As shown in fig. 6-7, the average values of the pose estimates (Avg terr and Avg rerr) of the present invention are lower and perform better than the performance of other advanced network models.

The foregoing description of the preferred embodiments of the invention is not intended to limit the invention to the precise form disclosed, and any such modifications, equivalents, and alternatives falling within the spirit and scope of the invention are intended to be included within the scope of the invention.

Claims

1. The utility model provides an automatic design method of a neural network, which is characterized by comprising a super network structure and a controller model, wherein the super network structure comprises a step module, a convolution block module, a reduction block module, a sequential block module and a Tai l module, the step module is used for processing an rgb picture which is input into two stacks, the Tail module is used for processing time sequence information, the convolution block module comprises a convolution operation combination of parallel different parameters, the reduction block module comprises a parallel convolution-based downsampling operation combination, and the sequential block module is used for integrating the input time sequence information; the automatic design method of the neural network comprises the following steps:

s1, preparing a video sequence containing video data and real camera pose data;

s3, outputting operands selected by each block by using a controller model to generate codes of sub-models, extracting video segments v2 and corresponding real camera pose data from the video sequence of the S1 according to video time sequence by adopting the network parameters iterated in the S2, inputting v2 into the sub-models to obtain predicted poses, comparing the predicted poses with the real camera poses, calculating to obtain segment evaluation indexes, repeating the operation of the S3 until the complete video sequence is extracted, and calculating the segment evaluation indexes to obtain final evaluation indexes of the sub-models;

2. The automatic design method of a neural network according to claim 1, wherein in the step S2, the loss function is:

3. The automatic design method of neural network according to claim 1, wherein the video sequence of S1 is divided into a training set and a verification set, S2 employs the training set, and S3 employs the verification set.

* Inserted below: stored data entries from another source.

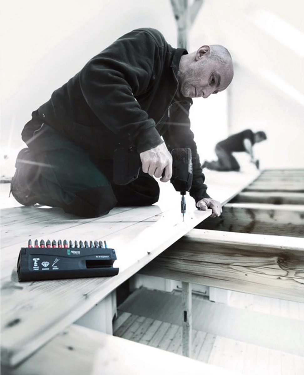Impaktor houder met spanring en ringmagneet. 29 Impaktor bits. Door een mix van de best mogelijke materiaaleigenschappen en door optimaal, voor extreem gebruik, aangepaste geometrieën bereiken de Wera Impaktor gereedschappen uitzonderlijke standtijden. Bijzonder geschikt voor (Impact) handschroefmachines. De houder met interne magneet houdt extra lange en zware schroeven stevig vast. Ideaal voor het werken boven het hoofd. De kleine stukjes diamant, die op de punt van de bit zijn opgebracht, bijten zich in de schroef vast en zorgen voor een superieure grip en voorkomen het uitglijden uit de schroefkop.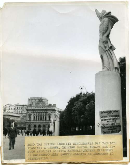 ECCO UNA STATUA FASCISTA RIMODERNΑΤΑ DAI PATRIOTI ITALIANI A GENOVA. LA MANO DESTRA ALZATA NEL SALUTO FASCISTA ESTATA AMPUTATA, MENTRE MANIFESTI DI BENVENUTO ALLE TRUPPE ALLEATE NE ADORNANO IL PIEDESTALLO.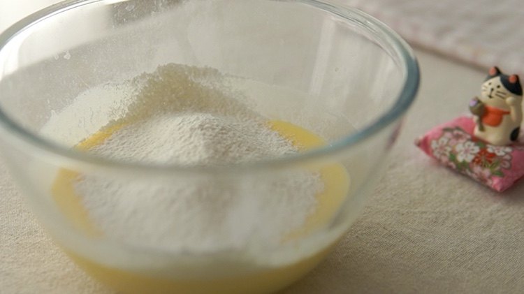 将20g玉米淀粉30g低筋面粉筛入搅拌好的蛋黄糊中,用画一字的手法搅拌至无干粉状态

4. The automatic design method of a neural network according to claim 1, wherein the final evaluation index calculation method of the S3 neutron model is as follows: all segment evaluation indexes are averaged.

5. The automatic neural network design method according to claim 1, wherein in S3, the final evaluation index is recorded.

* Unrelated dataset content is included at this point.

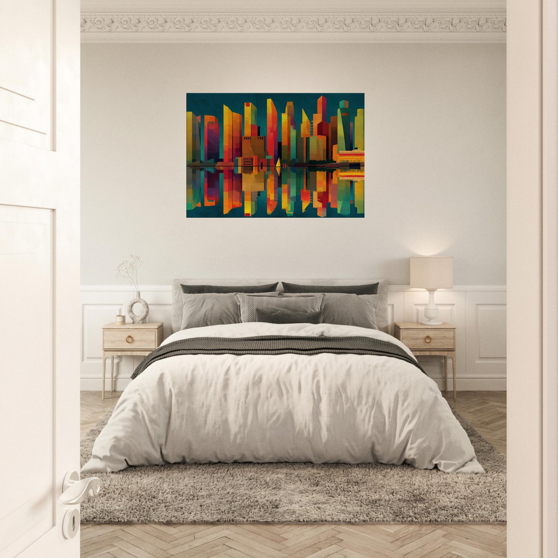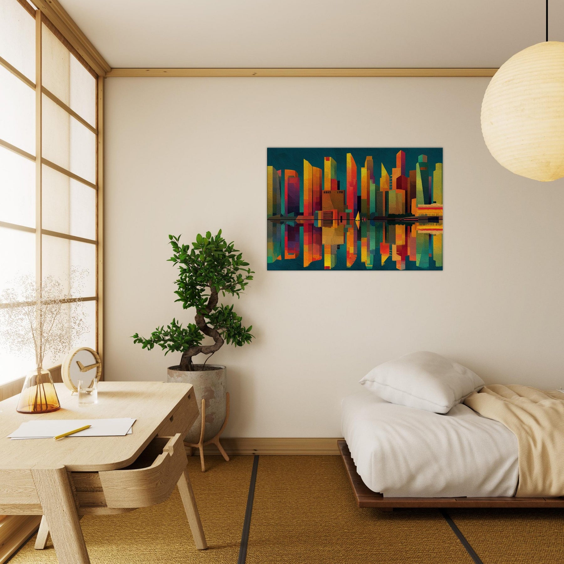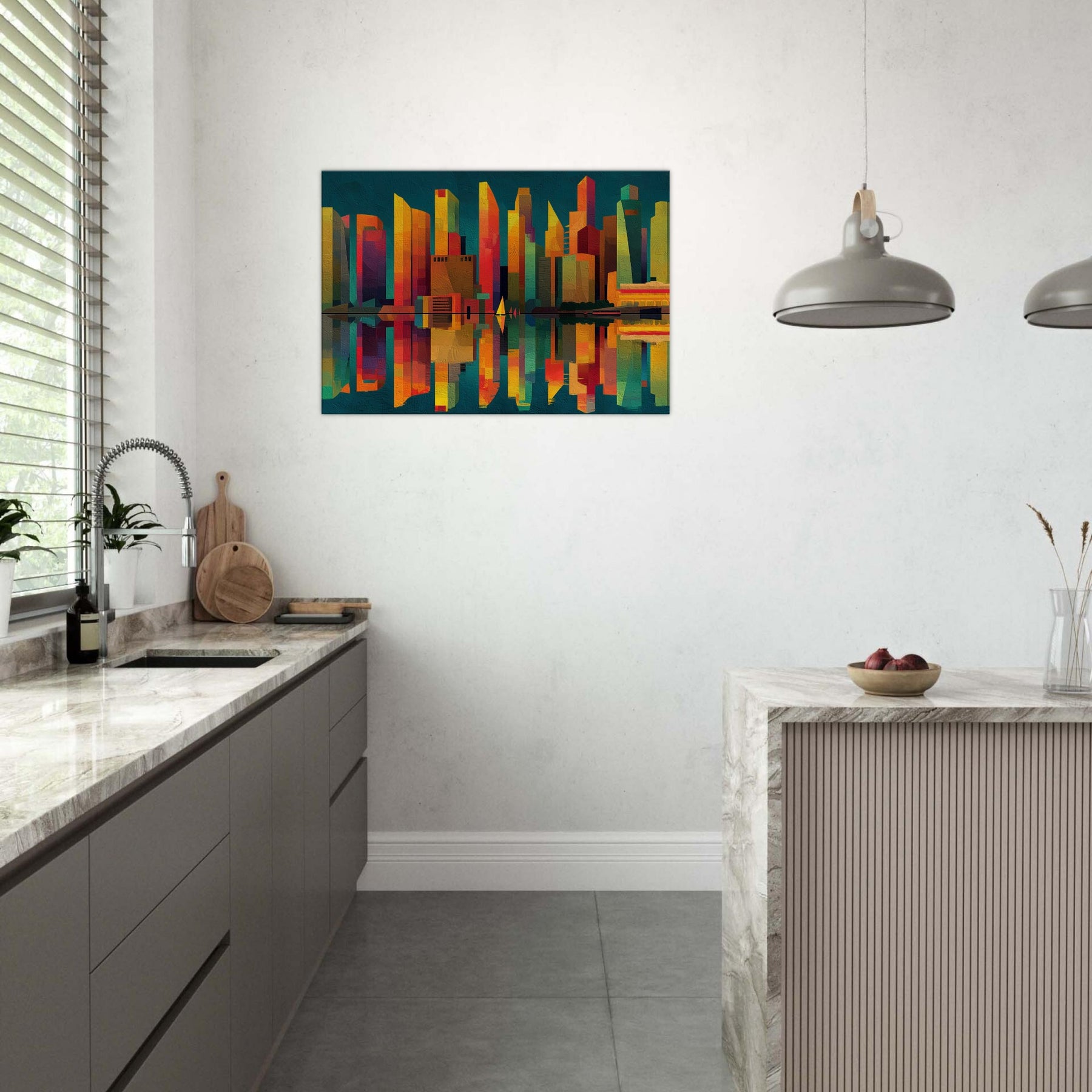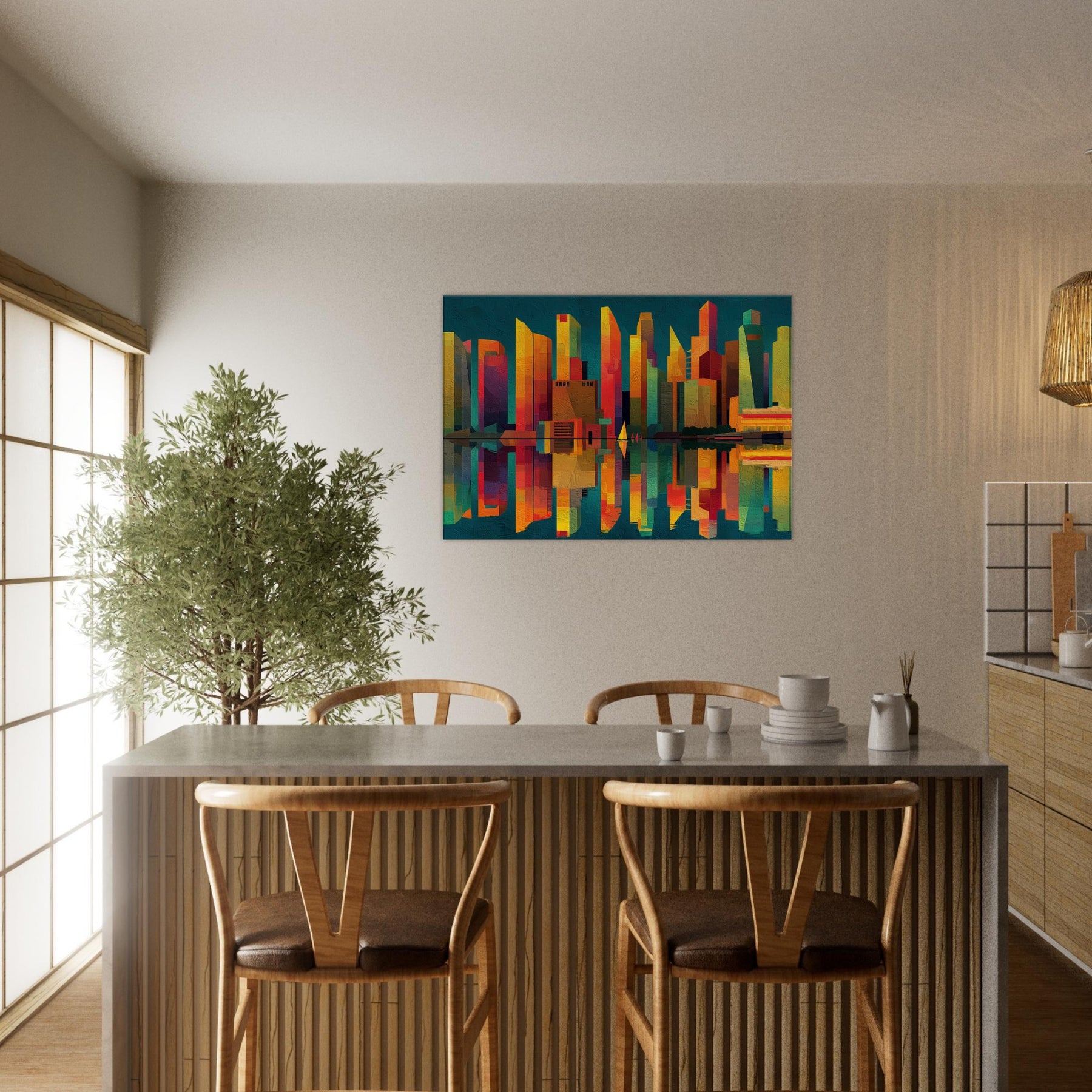 Singapore rises across your wall in a chorus of color and light. This abstract cityscape dissolves towering cranes of color into radiant blocks, a shimmering horizon mirrored in waterlike reflections. Feel the heartbeat of the shore and the hum of evening streets, as the skyline blends with room lighting to warm living spaces. The work invites quiet contemplation, adds depth and energy, and becomes a sophisticated focal point that pairs with neutrals or bold textures. A modern homage to Singapore's urban poetry.

6. The automatic design method of a neural network according to claim 1, wherein n in S5 is an integer of 10 or less.

7. An automatic neural network design system for implementing the automatic neural network design method according to claim 1, comprising a super network structure and a controller model, wherein the super network structure comprises a step module, a convolution block module, a reduction block module, a sequential block module and a Tai module, the step module is used for processing two stacked rgb pictures, the Tai module is used for processing time sequence information, the convolution block module comprises a convolution operation combination of parallel different parameters, the reduction block module comprises a parallel convolution-based downsampling operation combination, and the sequential block module is used for integrating the input time sequence information.

8. The neural network automatic design system of claim 7, wherein the sequential block module can employ one of 4 operations, which are ConvlstmS 3x3 or ConvlstmS 5x5 or convrus 3x3 or convrus 5x5, respectively.